Not sure where to begin. 

I have DSL, and this used to work fine up until last night. I try to login, I put my pw and ID in and the splash page goes immediately to "sorry unable to connect". I checked the modem and I have ethernet connection, and the DSL line is connected.

I tried changing out the cable to see if that was the problem. No love. I rebooted the computer, no love. Turned off and then turned back on the modem, no love. Did a reset and no love. I even changed out the NIC card, no love.

So now I go in and start looking at the network settings. My IP address is showing as 0.0.0.0. It used to be 198.***.***.*** something. I have it set to automatically assign an IP but the computer doesn't. I checked and I haven't installed any new programs since July 13 and I was able to get connected 1 day previously.

I had Zonealarm running so I removed that as well. Still nothing. 

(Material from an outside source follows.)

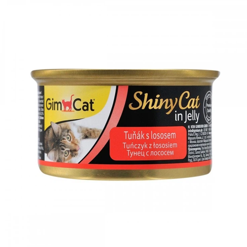 Консерви для котів Shiny Cat тунець і лосось – делікатесний вологий корм, готовий до споживання. Виготовлений з високоякісного м’яса тунця та лосося. Не містить штучних барвників, підсилювачів смаку, консервантів і ГМО.

I am not sure where else to try. Anybody have any suggestions?


----------



## DoubleHelix (Dec 10, 2004)

The computer is connected directly to the modem? If so, and you've reset the modem, try a different cable. Are there lights on the NIC? If yes, call your ISP.


----------



## ksuwyldkat (Nov 9, 2000)

Sorry I should have said that. the computer is directly connected to the modem, I don't have any other boxes networked. 

I tried a new cable as well. I also spoke to the ISP tech and after moving up to the tech 3, they pretty much said it was a bad NIC card. Which I have also replaced and still nothing. 

I tried to manually put an IP address in but as I am not sure what to try I just guessed some numbers, I did make sure not to use 127.0.0.1. When I did this and rebooted, I went back and checked the network status and it showed packets moving but when I tried to login to my ISP it came up with the same error message. 

I then went and removed the IP that I used and set everything to automatically assign an IP, rebooted and tried to login again and still nothing. I checked the IP that it showed and it was back to 0.0.0.0. 

I use SBC for DSL, I was thinking about totally removing the SBC browser and reinstalling to see if that was the case.


----------



## hewee (Oct 26, 2001)

If you was using a router and then too it away then you need to reset your IP address. 
I use 98SE and you can go to run and type in Winipcfg. Then click on Reless All and then click on Renew All.
Now if you get things working again and you want to add the router you have to do the same thing again.


----------



## ksuwyldkat (Nov 9, 2000)

Well, I finally am able to get back on. I had tried the release and renew and nothing. I even installed the DSL software again. Tried to create a new network. all with the same results.

I setup a new internet connection and it it working now. Not sure why my regular connections aren't working but I can get on. Funny thing though, my modem used to show a green light when I was connected and another green light for activity, both are now just off.

At least I can get on but not sure why????????


----------



## hewee (Oct 26, 2001)

Most be ZA thinking you have a new network. I had that happen to me a couple times and I went tru ZA and added a new network and was able to get back online. But then later after shuting down and booting up again I even the new network I had just added gone and I was back using the one I had all along. This has happen when I took my PC to my sister's so it was seeing things tru her router and modem. I was staying no to the new network but guess it takes so many clean shut downs and boot ups to get things back the way it was. There is also some files you can delete in the C:\WINDOWS\Internet Logs folder. I have read post where it said you can delete all the files but I am not sure about that. I know some are just all the info that gets added from the programs etc you have that it knows about so it is like you just install ZA and have to go tru saying ok etc to everything again.
You may want to ask over at ZA forum.


----------